Vaping Helped an Estimated 6.1 Million Smokers Quit, Study Says
The estimation, based on survey responses, shows how little we understand vaping as a smoking cessation tool.
An estimated 6.1 million Europeans have quit smoking by switching to vaping, according to a paper published online this week in Addiction.
Though only an estimation, the study highlights the need for more data on how useful vaping may be as a stop smoking aid. It's especially crucial as new e-cigarette regulations roll out across the EU and the US—rules that some say threaten the entire e-cig industry.
In the paper, researchers did a close analysis of data collected back in 2014 and released last year through the European Commission. It found that only 2 percent of respondents are currently using e-cigarettes, and just 14 percent had been able to quit smoking completely by switching to vaping. However, this included any smoker who had even tried one puff of an e-cigarette (not exactly a sustained effort to quit). In the Addiction paper, the researchers broke down the numbers a little further and found a much more impressive success rate.
When you only look at respondents who were currently using e-cigarettes, 35 percent were former smokers who had successfully quit. And there was a correlation with higher use: Of respondents who vaped daily, 30.6 percent had quit smoking, compared to 8.9 percent of respondents who said they vaped once a week or less.
To put this in perspective, the researchers then extrapolated the representation to the total EU population and estimated 6.1 million people had quit through vaping, and 9.2 million had been able to cut back on smoking by becoming dual users.
Of course, by that same logic, millions of Europeans have tried and failed to quit using e-cigarettes as well, but that's also true of all smoking cessation tools. Prescription drugs—our most effective stop smoking aid—are about 23 percent effective, while treatments like nicotine patches and gum only work 6 percent of the time.

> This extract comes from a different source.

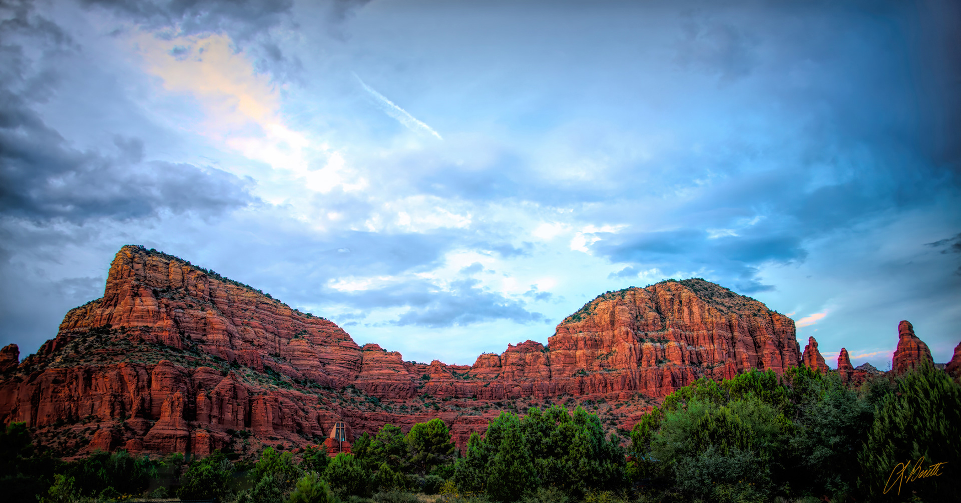 This beautiful sky surrounding the rocky pillars that surrounds the Chapel of the Holy Cross brings out the spiritual setting created by the Divine.
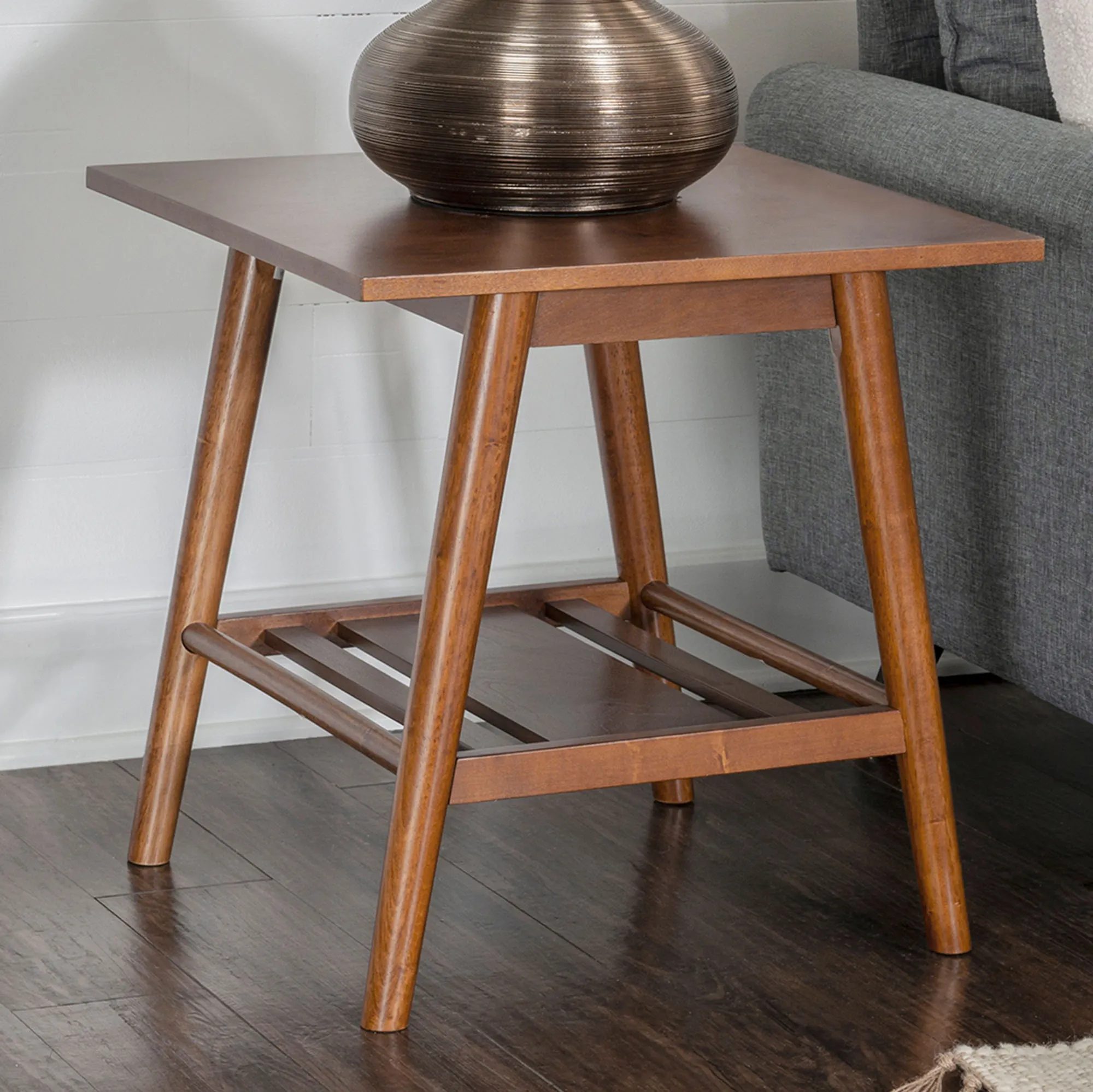Enjoy the mid-century modern style of the Sloane Side Table. This wooden table has an extended top surface, a partially slatted bottom shelf, and tapered legs. The weight capacity for the top is 50 lbs., and the weight capacity for the bottom is 20 lbs. Measures 22"sq.x22"H; weighs 21 lbs.

In the fall, Pfizer representatives told me its stop-smoking drug Chantix had been prescribed to 22 million unique patients around the world since it came on the market. With a 23 percent effectiveness rate, that means an estimated 5 million people will have stopped smoking by taking the drug, putting vaping on par with some of our best smoking cessation technology.
Unfortunately for the vaping evangelists, this kind of analysis has its limitations. The 6 million people is an extrapolated estimate. The survey only interviewed 27,801 people and since it was interview style, it's all self-reported. As the analysis authors note, "Although surveys and studies of users have shown that many smokers succeed in quitting smoking with the use of e-cigarettes, randomized controlled trials have shown modest effects and the efficacy of e-cigarettes in smoking cessation and reduction has been questioned."
It's far from irrefutable proof of some magic, stop-smoking effects of vaping, but the authors argue these indicators show further research needs to be done, and perhaps we need to approach it in a different way than we have in the past.
"It is not reasonable to expect experimentation or occasional use to be substantially effective in smoking cessation," the authors wrote. "Other surveys fail to differentiate between regular and occasional use or experimentation, which results in overestimation of the prevalence of use and underestimation of their efficacy in smoking substitution."